### THE PROBLEM
Exactly the lines from the one containing "Culinary excellence in" through the one containing "Sexy Shiny Rhinestone" in the listing below are to be copied, with the pictures left out.

### MATERIAL TO PROCESS
****************************************
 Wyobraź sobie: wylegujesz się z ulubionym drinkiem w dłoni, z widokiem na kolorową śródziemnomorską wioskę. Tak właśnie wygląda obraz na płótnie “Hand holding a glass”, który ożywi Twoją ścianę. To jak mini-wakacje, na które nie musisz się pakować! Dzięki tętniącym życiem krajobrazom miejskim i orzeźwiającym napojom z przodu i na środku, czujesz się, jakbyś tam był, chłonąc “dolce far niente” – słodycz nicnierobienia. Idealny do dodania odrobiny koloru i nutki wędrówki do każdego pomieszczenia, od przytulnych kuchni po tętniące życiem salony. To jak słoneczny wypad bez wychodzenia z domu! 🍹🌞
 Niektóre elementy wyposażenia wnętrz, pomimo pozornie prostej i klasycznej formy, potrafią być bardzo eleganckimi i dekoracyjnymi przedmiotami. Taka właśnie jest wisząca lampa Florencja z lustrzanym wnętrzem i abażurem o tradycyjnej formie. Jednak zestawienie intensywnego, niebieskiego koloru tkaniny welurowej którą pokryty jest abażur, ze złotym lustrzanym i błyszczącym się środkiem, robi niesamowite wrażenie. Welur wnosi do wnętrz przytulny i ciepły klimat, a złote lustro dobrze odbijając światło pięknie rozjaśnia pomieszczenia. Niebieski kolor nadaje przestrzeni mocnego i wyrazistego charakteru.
****************************************
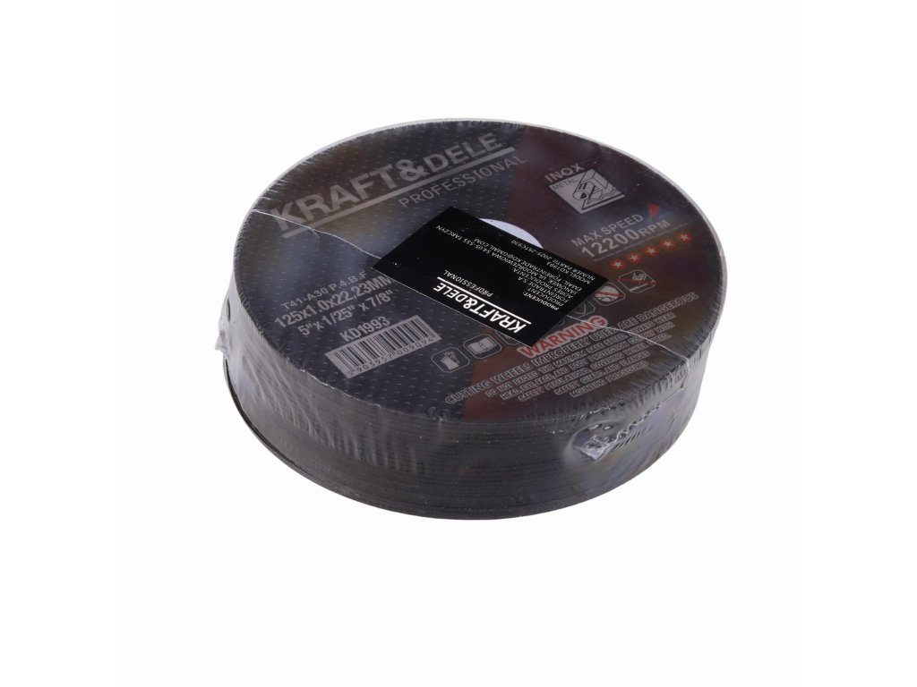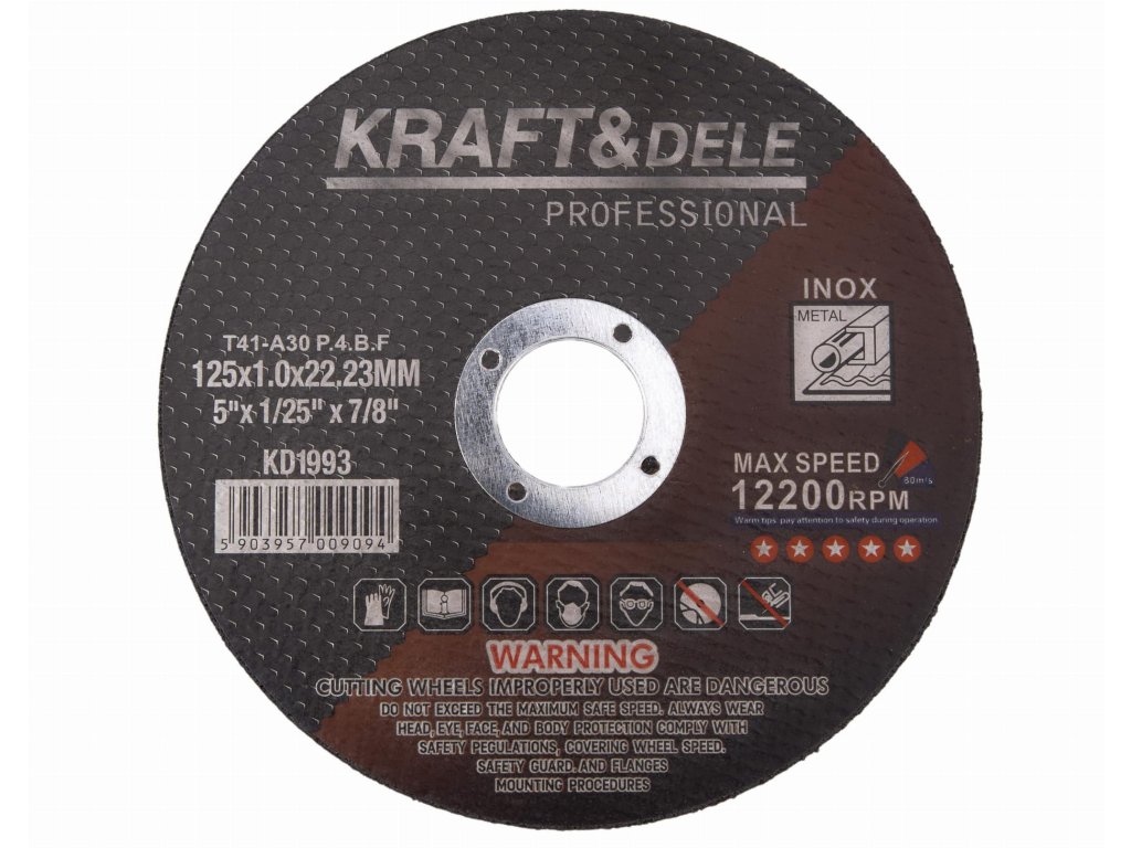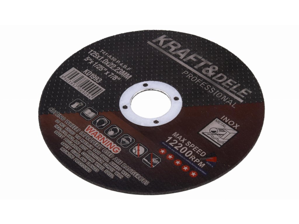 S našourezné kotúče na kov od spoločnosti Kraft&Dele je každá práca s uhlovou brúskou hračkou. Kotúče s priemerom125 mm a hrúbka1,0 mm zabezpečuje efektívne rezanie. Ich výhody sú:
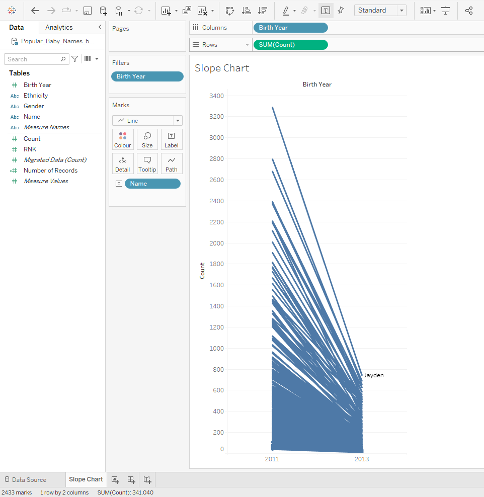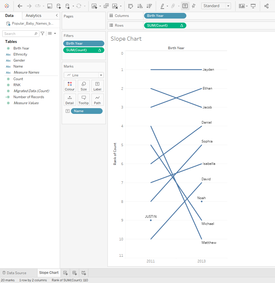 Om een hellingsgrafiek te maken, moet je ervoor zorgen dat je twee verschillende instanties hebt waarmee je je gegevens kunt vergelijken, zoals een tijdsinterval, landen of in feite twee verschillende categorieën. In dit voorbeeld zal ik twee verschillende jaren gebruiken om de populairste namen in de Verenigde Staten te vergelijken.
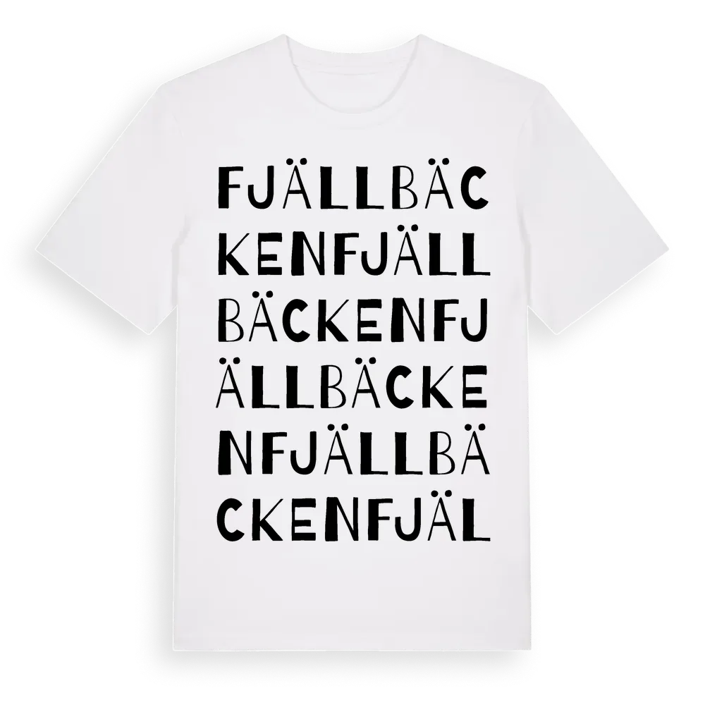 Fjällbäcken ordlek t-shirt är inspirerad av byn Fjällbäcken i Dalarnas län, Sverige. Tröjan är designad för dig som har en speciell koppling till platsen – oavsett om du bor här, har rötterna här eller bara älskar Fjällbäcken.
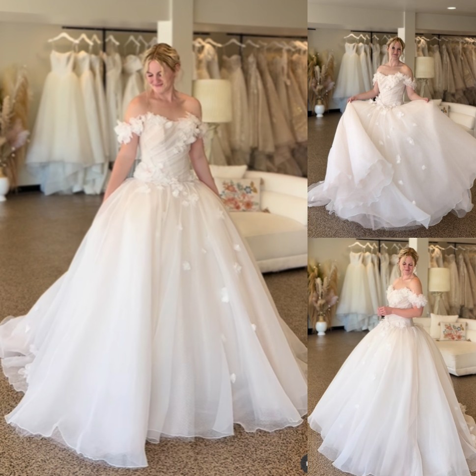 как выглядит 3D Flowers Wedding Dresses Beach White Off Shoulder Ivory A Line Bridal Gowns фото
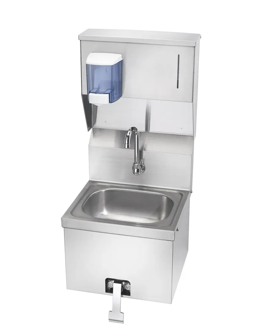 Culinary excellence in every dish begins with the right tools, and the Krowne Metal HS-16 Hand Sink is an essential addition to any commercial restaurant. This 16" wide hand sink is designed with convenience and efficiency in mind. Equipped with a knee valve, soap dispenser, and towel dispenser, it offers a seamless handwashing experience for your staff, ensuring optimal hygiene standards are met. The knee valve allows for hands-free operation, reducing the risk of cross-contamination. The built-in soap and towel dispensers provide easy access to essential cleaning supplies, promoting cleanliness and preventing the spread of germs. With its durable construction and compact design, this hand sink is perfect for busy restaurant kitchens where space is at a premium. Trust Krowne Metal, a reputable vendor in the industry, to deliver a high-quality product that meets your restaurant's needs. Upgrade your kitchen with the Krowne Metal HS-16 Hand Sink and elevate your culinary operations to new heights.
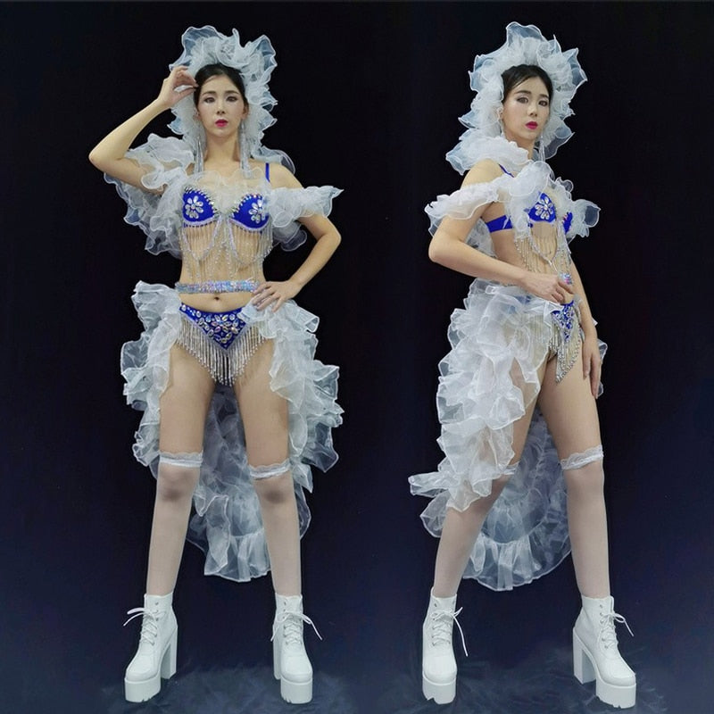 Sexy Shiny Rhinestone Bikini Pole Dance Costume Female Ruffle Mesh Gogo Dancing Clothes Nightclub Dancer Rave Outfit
****************************************
### ANSWER SECTION
 Culinary excellence in every dish begins with the right tools, and the Krowne Metal HS-16 Hand Sink is an essential addition to any commercial restaurant. This 16" wide hand sink is designed with convenience and efficiency in mind. Equipped with a knee valve, soap dispenser, and towel dispenser, it offers a seamless handwashing experience for your staff, ensuring optimal hygiene standards are met. The knee valve allows for hands-free operation, reducing the risk of cross-contamination. The built-in soap and towel dispensers provide easy access to essential cleaning supplies, promoting cleanliness and preventing the spread of germs. With its durable construction and compact design, this hand sink is perfect for busy restaurant kitchens where space is at a premium. Trust Krowne Metal, a reputable vendor in the industry, to deliver a high-quality product that meets your restaurant's needs. Upgrade your kitchen with the Krowne Metal HS-16 Hand Sink and elevate your culinary operations to new heights.
 Sexy Shiny Rhinestone Bikini Pole Dance Costume Female Ruffle Mesh Gogo Dancing Clothes Nightclub Dancer Rave Outfit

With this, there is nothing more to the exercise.